■ Input records
━━━━━━

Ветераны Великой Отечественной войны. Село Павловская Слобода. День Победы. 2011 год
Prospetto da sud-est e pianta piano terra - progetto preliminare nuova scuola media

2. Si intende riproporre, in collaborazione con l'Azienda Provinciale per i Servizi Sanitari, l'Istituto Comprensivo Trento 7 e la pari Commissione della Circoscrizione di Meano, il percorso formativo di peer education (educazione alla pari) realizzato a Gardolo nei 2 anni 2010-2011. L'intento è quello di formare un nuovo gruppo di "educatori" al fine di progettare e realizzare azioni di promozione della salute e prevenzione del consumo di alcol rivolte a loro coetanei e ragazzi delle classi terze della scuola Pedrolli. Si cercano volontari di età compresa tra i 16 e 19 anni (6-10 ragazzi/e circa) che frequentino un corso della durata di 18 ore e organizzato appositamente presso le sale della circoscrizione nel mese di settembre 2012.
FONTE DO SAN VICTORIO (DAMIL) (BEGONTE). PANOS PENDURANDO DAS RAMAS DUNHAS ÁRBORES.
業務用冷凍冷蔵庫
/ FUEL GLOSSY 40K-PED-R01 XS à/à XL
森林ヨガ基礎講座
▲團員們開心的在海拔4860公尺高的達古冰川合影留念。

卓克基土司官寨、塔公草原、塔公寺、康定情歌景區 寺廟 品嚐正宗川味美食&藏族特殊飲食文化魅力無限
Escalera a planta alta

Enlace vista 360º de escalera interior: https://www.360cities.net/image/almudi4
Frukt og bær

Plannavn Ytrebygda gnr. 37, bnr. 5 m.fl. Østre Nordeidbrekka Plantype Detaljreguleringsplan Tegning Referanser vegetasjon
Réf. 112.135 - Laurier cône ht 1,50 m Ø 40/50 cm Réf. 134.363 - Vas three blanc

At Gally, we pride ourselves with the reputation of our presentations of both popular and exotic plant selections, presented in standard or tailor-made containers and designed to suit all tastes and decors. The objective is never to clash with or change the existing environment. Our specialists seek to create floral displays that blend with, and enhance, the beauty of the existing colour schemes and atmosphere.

━━━━━━

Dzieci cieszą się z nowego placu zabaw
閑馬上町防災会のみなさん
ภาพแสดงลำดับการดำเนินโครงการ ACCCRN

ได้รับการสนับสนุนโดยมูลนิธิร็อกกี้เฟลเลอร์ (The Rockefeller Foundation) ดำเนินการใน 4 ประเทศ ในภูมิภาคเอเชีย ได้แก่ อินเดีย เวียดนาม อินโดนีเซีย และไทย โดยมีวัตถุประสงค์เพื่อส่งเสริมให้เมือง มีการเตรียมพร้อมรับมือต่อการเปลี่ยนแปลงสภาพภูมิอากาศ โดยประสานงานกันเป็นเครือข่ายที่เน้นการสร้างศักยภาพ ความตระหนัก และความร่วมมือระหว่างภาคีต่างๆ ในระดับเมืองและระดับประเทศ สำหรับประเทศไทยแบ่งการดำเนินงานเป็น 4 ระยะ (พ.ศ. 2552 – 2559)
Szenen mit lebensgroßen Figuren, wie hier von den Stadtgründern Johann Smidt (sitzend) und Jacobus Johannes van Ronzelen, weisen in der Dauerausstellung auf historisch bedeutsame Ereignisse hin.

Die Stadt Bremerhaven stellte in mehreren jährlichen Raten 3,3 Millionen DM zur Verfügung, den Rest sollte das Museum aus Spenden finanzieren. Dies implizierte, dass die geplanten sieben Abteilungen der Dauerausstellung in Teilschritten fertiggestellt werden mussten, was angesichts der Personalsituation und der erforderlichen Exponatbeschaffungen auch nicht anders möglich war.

━━━━━━

■ Task details
Return, with no change at all, every line in the entries above from the line containing "40K-PED-R01 XS à/à XL" through the line containing "At Gally, we".

■ Result
/ FUEL GLOSSY 40K-PED-R01 XS à/à XL
森林ヨガ基礎講座
▲團員們開心的在海拔4860公尺高的達古冰川合影留念。

卓克基土司官寨、塔公草原、塔公寺、康定情歌景區 寺廟 品嚐正宗川味美食&藏族特殊飲食文化魅力無限
Escalera a planta alta

Enlace vista 360º de escalera interior: https://www.360cities.net/image/almudi4
Frukt og bær

Plannavn Ytrebygda gnr. 37, bnr. 5 m.fl. Østre Nordeidbrekka Plantype Detaljreguleringsplan Tegning Referanser vegetasjon
Réf. 112.135 - Laurier cône ht 1,50 m Ø 40/50 cm Réf. 134.363 - Vas three blanc

At Gally, we pride ourselves with the reputation of our presentations of both popular and exotic plant selections, presented in standard or tailor-made containers and designed to suit all tastes and decors. The objective is never to clash with or change the existing environment. Our specialists seek to create floral displays that blend with, and enhance, the beauty of the existing colour schemes and atmosphere.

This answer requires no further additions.